Colorado State University, which pioneered seasonal hurricane forecasting in 1984, is predicting the lowest overall Atlantic cyclone activity since 2015 — itself the strongest El Niño year in 75 years. CSU hurricane expert Phil Klotzbach said that forecast is likely to be revised even lower in June. Eighteen forecasting groups, private and academic, have converged on similar numbers: roughly a dozen named storms, five becoming hurricanes, two reaching major intensity.

Nine of the past 10 Atlantic hurricane seasons were above normal or hyperactive, Klotzbach noted. Last year alone produced a near-record three Category 5 storms.

"It only takes one," said University at Albany atmospheric scientist Kristen Corbosiero. "It only takes one to cause real devastation and destruction in the mainland U.S. or even in Hawaii."

That warning lands with particular weight on the Treasure Coast.

Local emergency management directors in Martin, St. Lucie, and Indian River counties [NEEDS VERIFICATION — specific officials not reached by press time] are the frontline decision-makers who determine staffing levels, shelter readiness, and public outreach budgets heading into June 1. Whether a below-normal national forecast translates into reduced preparation at the county level is precisely the question that needs answering before the season opens — not after a named storm forms in the Gulf.

NOAA's own experts flagged the complacency risk directly. "We hope people don't become complacent," the agency said in announcing the forecast — an unusual editorial note in what is typically a clinical statistical release.

The underlying climate dynamic driving the forecast is El Niño, a cyclic warming of parts of the central Pacific that produces atmospheric wind shear across the Atlantic, essentially tearing apart developing storms before they can organize. "The elephant in the room," Columbia University climate scientist Suzana Camargo called it.

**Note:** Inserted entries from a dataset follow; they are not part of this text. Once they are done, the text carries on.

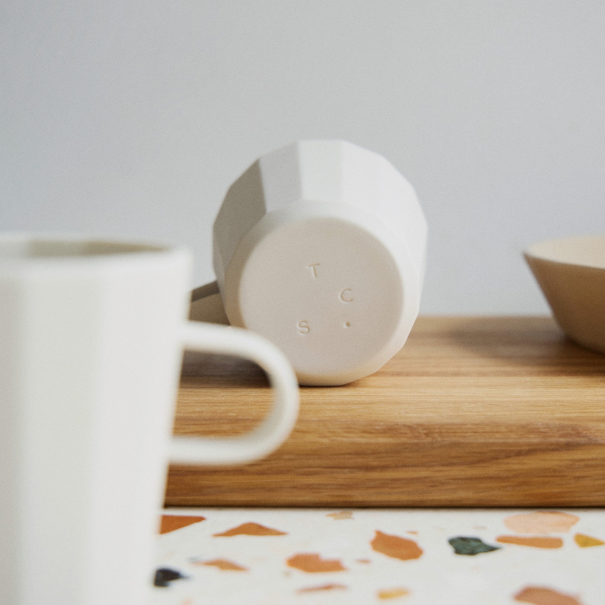 Designed by Studio Word for The Conran Shop, the Fade porcelain pieces are inspired by traditional Korean roof tiles. Each features a gently faceted, unglazed exterior and a smooth glazed interior, creating subtle plays of light across the surface.
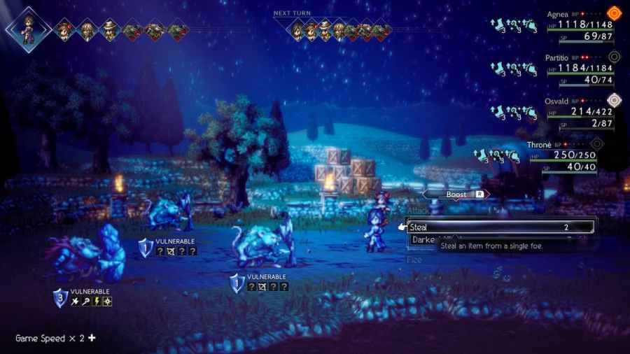 The lower your target’s HP is, the easier it is to steal an item as well. Finally, remember to use Steal when your opponent is unconscious with a broken shield for the turn. This increases your steal chance massively! Boosting the Steal skill before it’s used can also increase your steal chance.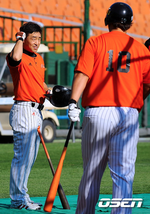17일 오후 부산 사직구장서 열리는 2011 롯데카드 프로야구 플레이오프 2차전 롯데 자이언츠와 SK 와이번스의 경기 전 롯데 손아섭이 이대호와 이야기를 나누고 있다. 손아섭은 전날 경기 9회말 1사 만루찬스에서 병살아웃됐다. 롯데와 SK는 17일 사직구장에서 벌어지는 플레이오프 2차전 선발투수로 각각 송승준과 고든을 예고했다. 1차전이 장원준(롯데)과 김광현(SK)의 좌완 에이스 맞대결이었다면 2차전은 우완 정통파 투수들의 정면승부다. 한편 1차전은 SK가 연장 10회 접전 끝에 롯데에 7-6으로 승리하며 기선제압에 성공했다. 과연 2차전에서는 송승준이 위기의 팀을 구하며 지긋지긋한 가을 악몽을 떨쳐낼지 아니면 고든이 준플레이오프 상승세를 이어가며 2연승을 이끌지 2차전이 궁금해진다. / soul1014@osen.co.kr

But El Niño's suppressive effect is probabilistic, not a guarantee. A storm that develops at the right latitude, at the right moment, in the right atmospheric pocket can still intensify rapidly and make landfall with devastating speed — as Milton itself demonstrated when it underwent rapid intensification in the Gulf before striking the Florida coast in 2024.

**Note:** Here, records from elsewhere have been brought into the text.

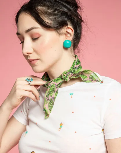Carré en Voile de Coton Fish rose/vert - 50x50 cm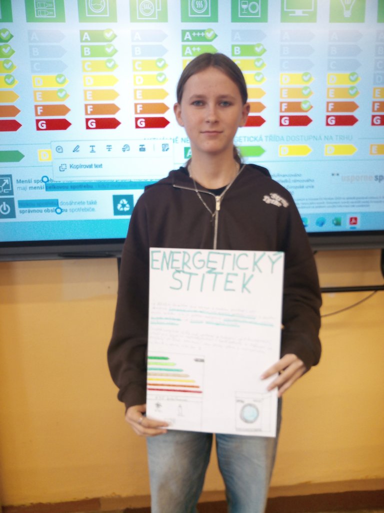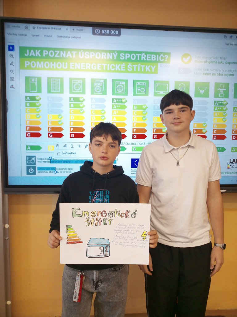 Datum: 15. 10. 2025V hodinách fyziky se žáci osmého ročníku ponořili do praktického tématu: Energetické štítky. Cílem bylo pochopit, jak důležitou roli hraje energetická účinnost spotřebičů v každodenním životě a jak se promítá do reálných finančních nákladů.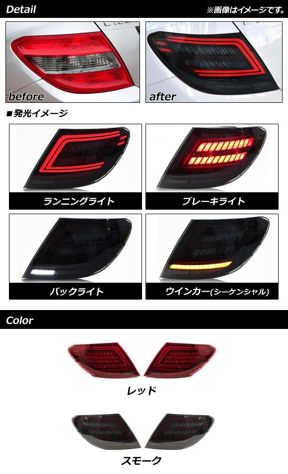 LEDテールランプ メルセデス・ベンツ Cクラス W204 2007年06月〜2014年06月 レッド シーケンシャルウインカー連動 入数:1セット(左右) AP-RF176-RD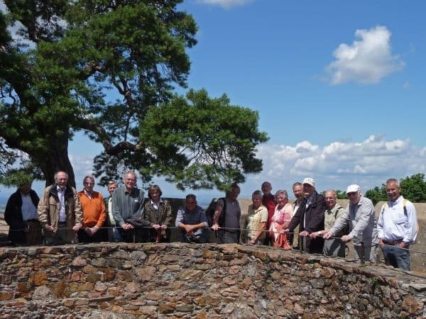 Ein sachkundiger Führer vermittelte auf dem Auerbacher Schloss Fakten zur Burg und zur Geschichte des Mittelalters. Die Grafen von Katzenelnbogen hatten die mächtige Burg 1222 erbaut, um ihre Pfründe an der Bergstraße gegen das mächtige Kurmainz zu sichern. Als das Geschlecht 1479 ausstarb, ging ihr bedeutendes Vermögen an die Landgrafschaft Hessen. Bei mittlerweile strahlendem Wetter erfrischten sich die Pensionäre mit einem Picknick im Burghof, bevor sie den Rückweg nach Zwingenberg antraten.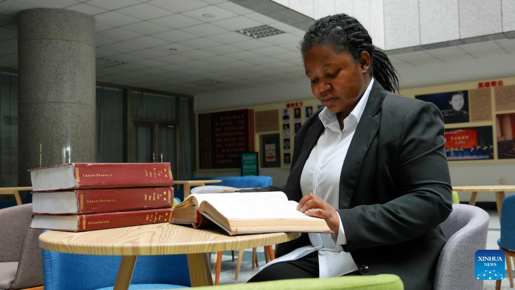 Zhang Ning reads a book at Jinzhou Medical University in Jinzhou, northeast China's Liaoning Province, Sept. 5, 2022. Donkor Adwoa Jennifer, also known by her Chinese name as Zhang Ning, comes from Ghana and has lived in China for 13 years. While in China, Zhang gained her bachelor's and post-graduate degrees in clinical medicine. Now she has become a teacher at Jinzhou Medical University in Jinzhou. In the future, Zhang Ning plans to pursue her doctoral degree and then return to Ghana to pay back to her country with the medical knowledge she has learned. (Xinhua/Yang Qing)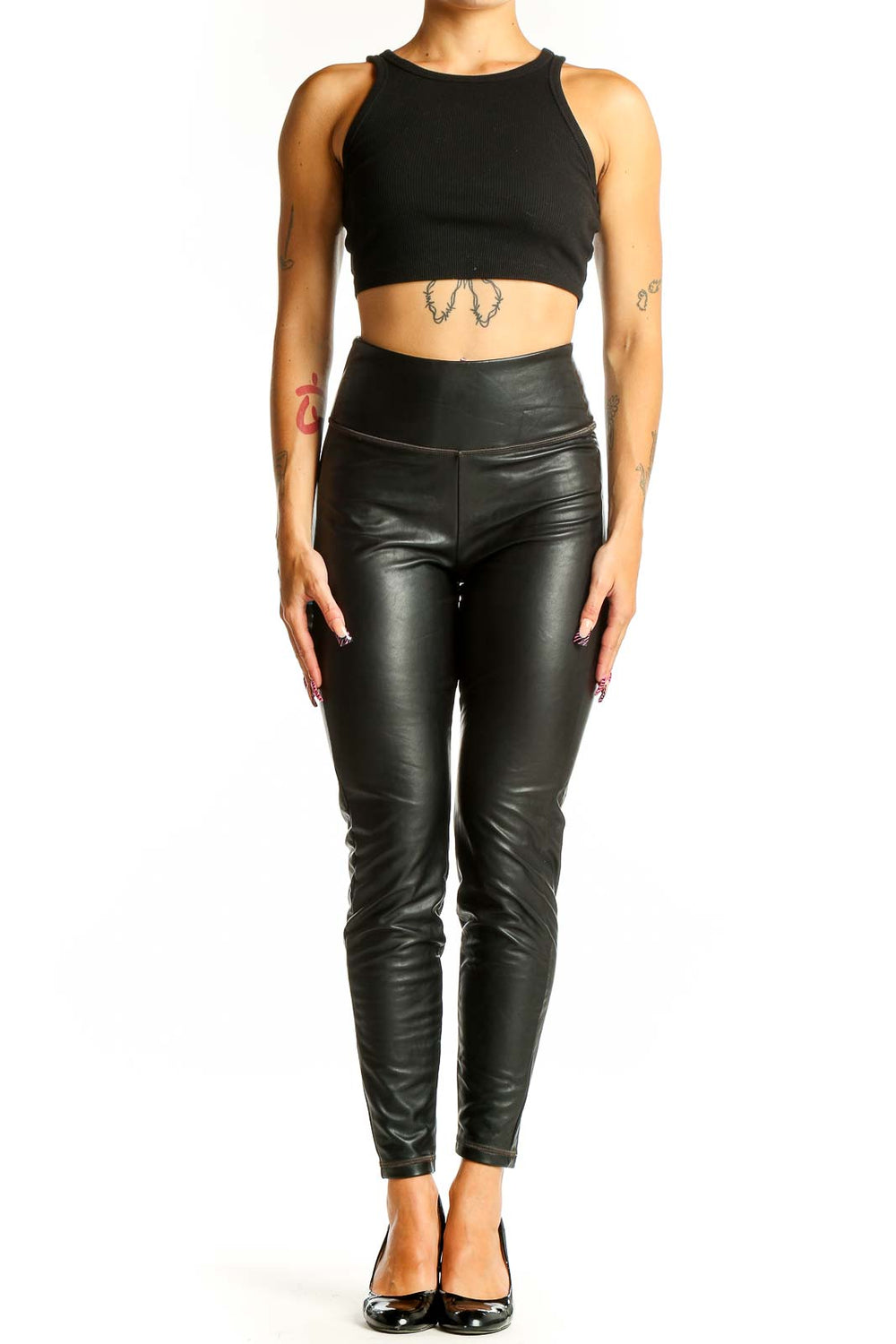Elevate your athleisure game with these sleek black faux leather leggings from Athleta. These high-waisted pants offer a perfect blend of style and comfort, ideal for both workouts and casual outings. The polyester-spandex blend provides a stretchy, figure-hugging fit that moves with you, while the faux leather finish adds a touch of edgy sophistication.

The financial stakes are not abstract. Insurance giant Munich Re tracks inflation-adjusted global tropical cyclone damage, and the numbers are stark: an average of $11.4 billion annually in the 1980s has grown to $109.7 billion a year over the past decade, with three-quarters of that damage occurring in the Atlantic, Gulf of Mexico, and Caribbean.

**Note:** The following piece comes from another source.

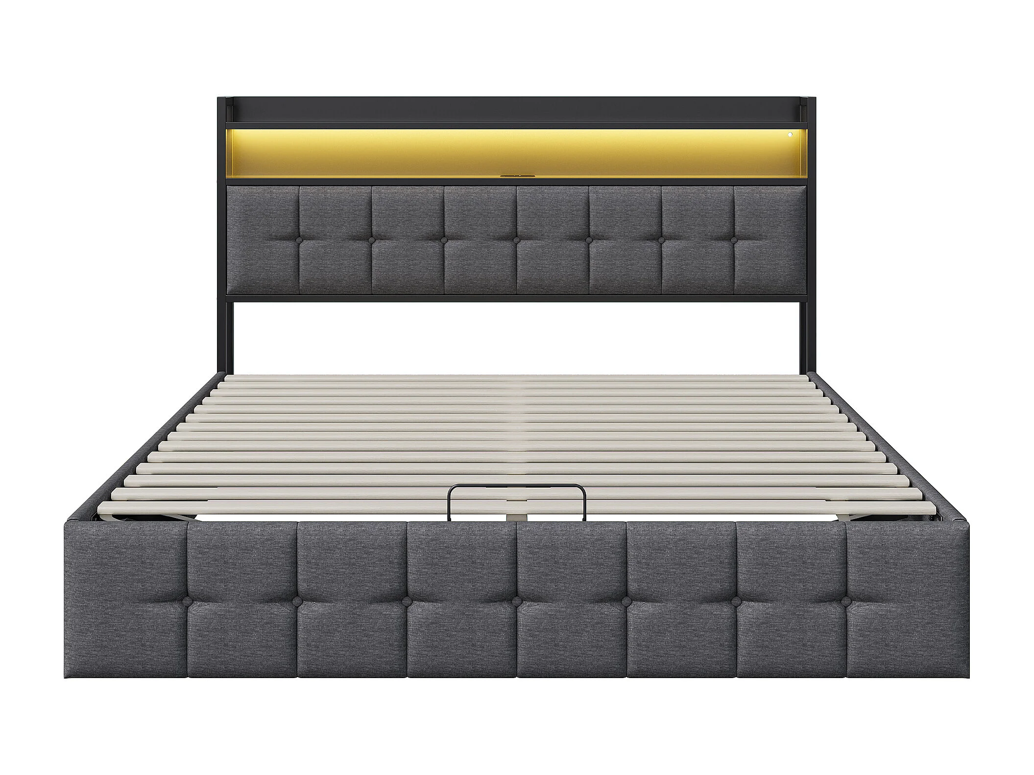 Tweepersoonsbed 140x200 cm met bedbodem en opbergruimte, gestoffeerd bed met LED-verlichting en USB-aansluiting, linnen, grijs

For residents in Martin, St. Lucie, and Indian River counties still navigating insurance claims, blue-tarp rooflines, and delayed federal reimbursements from Milton [NEEDS VERIFICATION — specific local damage and recovery figures], the NOAA forecast is not a green light. It is a statistical distribution. And the Treasure Coast has spent enough years inside the cone of uncertainty to know the difference.

Calls to Martin County Emergency Management, St. Lucie County Emergency Management, and Indian River County Emergency Management were not returned by publication time. [NEEDS VERIFICATION — confirm contact attempts and responses before final publication.]

This article was generated with AI assistance using publicly available information. It was reviewed and approved by a human editor before publication. TC Sentinel uses AI writing tools in accordance with FTC guidelines.